This is a partial preorder on geometric figures, considered as sets of points in the Euclidean plane. The order gives rise to a corresponding strict order notion $A<B$, which holds when from $B$ we may construct $A$ but not conversely. That is, $$A<B\qquad\text{ if and only if }\qquad A\leq B\quad\text{ and }\quad B\not\leq A.$$

Question. Is the hierarchy of relative geometric constructibility a dense order? That is, if $A<B$ for figures in the plane, is there a figure $C$ such that $A<C<B$?

I would also be interested to know whether the answer depends on considering only finite sets of points or infinite sets.

[Update. The main question is now answered by the maximality argument of Pace Nielsen below, but remains open in the case of finite figures. That is, if $A$ and $B$ are finite geometric figures with $A<B$, must there be some figure $C$ strictly between?]

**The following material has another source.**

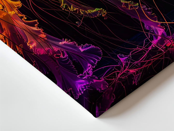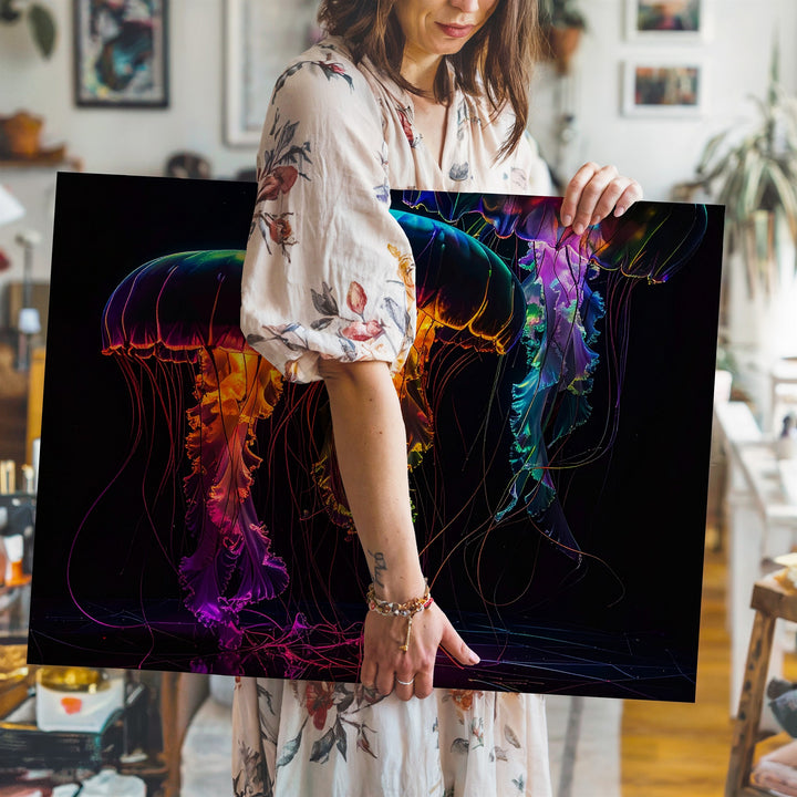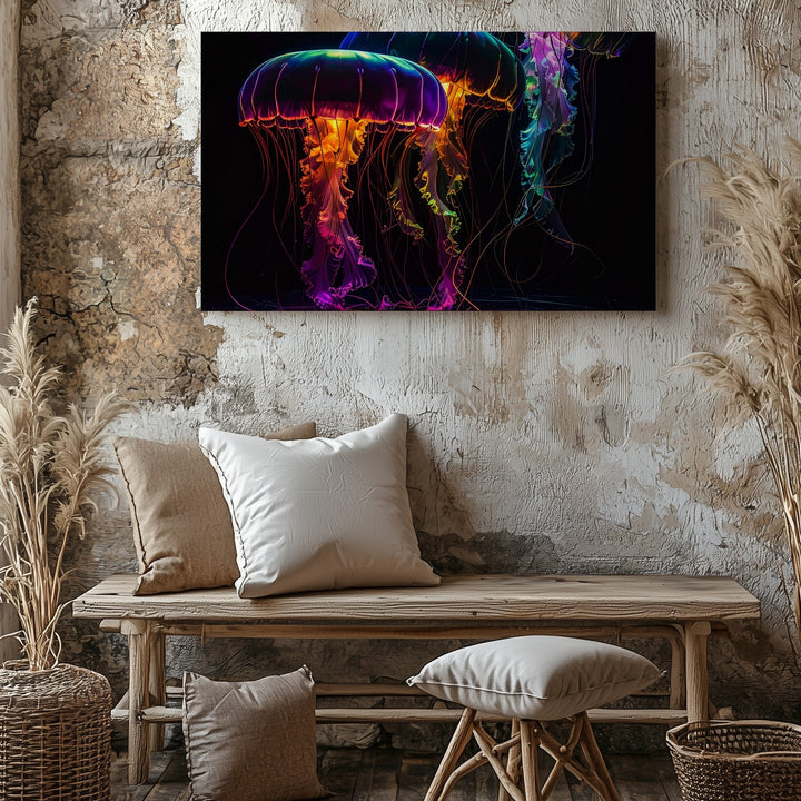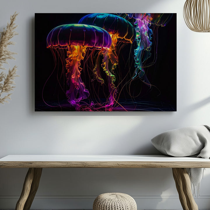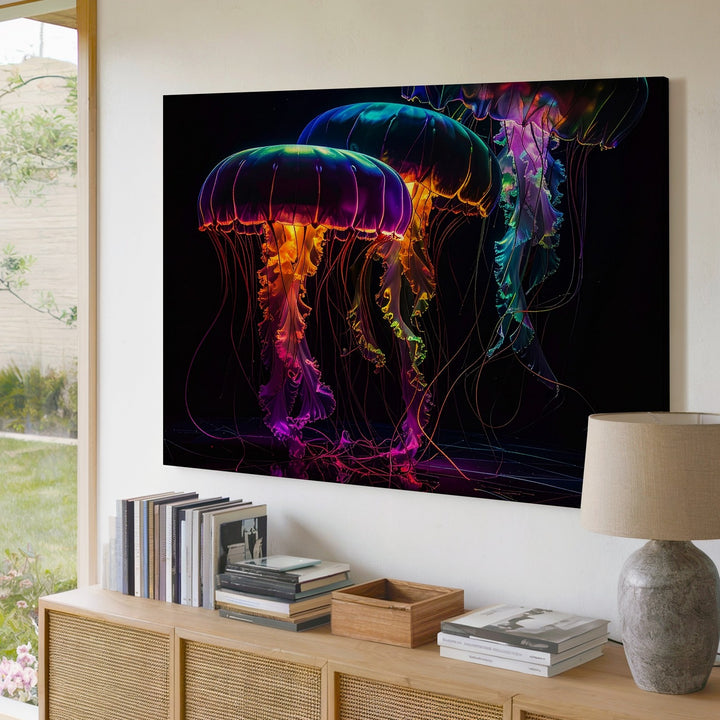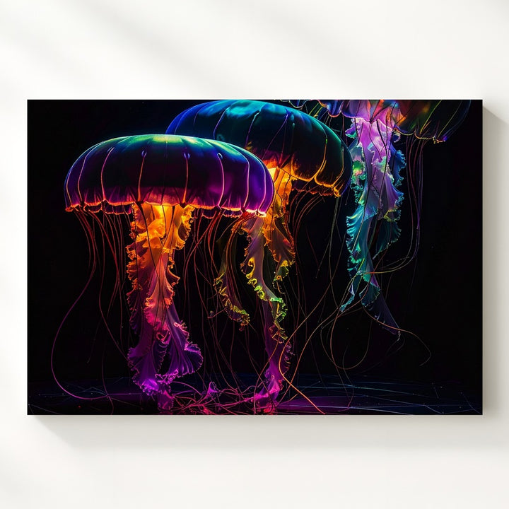 Neon Trio Canvas – Bioluminescent Jellyfish in Futuristic Glow

Let me make a few observations. First, relative constructibility is symmetric on line segments. That is, if a line segment $AB$ is constructible from $CD$, then $CD$ is constructible from $AB$. Thus, the relation of relative constructibility on line segments is an equivalence relation, with no occurences of the strict order. The argument is given on my blog post. For this reason, there will be no counterexamples to density using segments only.

The symmetry claim is not true, however, for triangles. For example, from a unit length and $\sqrt[3]{2}$, we can construct a unit isosceles right triangle, but from such a triangle, we cannot construct the length $\sqrt[3]{2}$. This instance is also discussed on my blog post.

Since this case has the feeling of being perhaps a minimal extension, it might be considered as a natural candidate counterexample, and several people (including David Madore and Nikolay Nikolov) have proposed various arguments that make definite progress. But the matter is currently still open.

A constructively closed set $S$ of points in the plane is determined by any two of them and the set of points on the corresponding line $\ell$. The reason is that if point $p\in S$, then the distances between $p$ and two points on $S\cap\ell$ will be a distance witnessed on $S\cap\ell$, and so we can construct $p$ via circles from points on $S\cap\ell$.

Therefore, a constructively closed set of points in the plane is determined by a unit segment and the real field of distances realized by that set. (one can also simply view the points as complex numbers, as determined by a unit segment from the set.) For this reason, the question is equivalent to the following:

Question. If $K< L$ are quadratically closed field extensions of the rationals, must there be a quadratically closed field $F$ strictly between them? $$K< F< L$$ Such a field would correspond to a strictly intermediate set of points between $K$ and $L$ in the hierarchy of relative constructibility.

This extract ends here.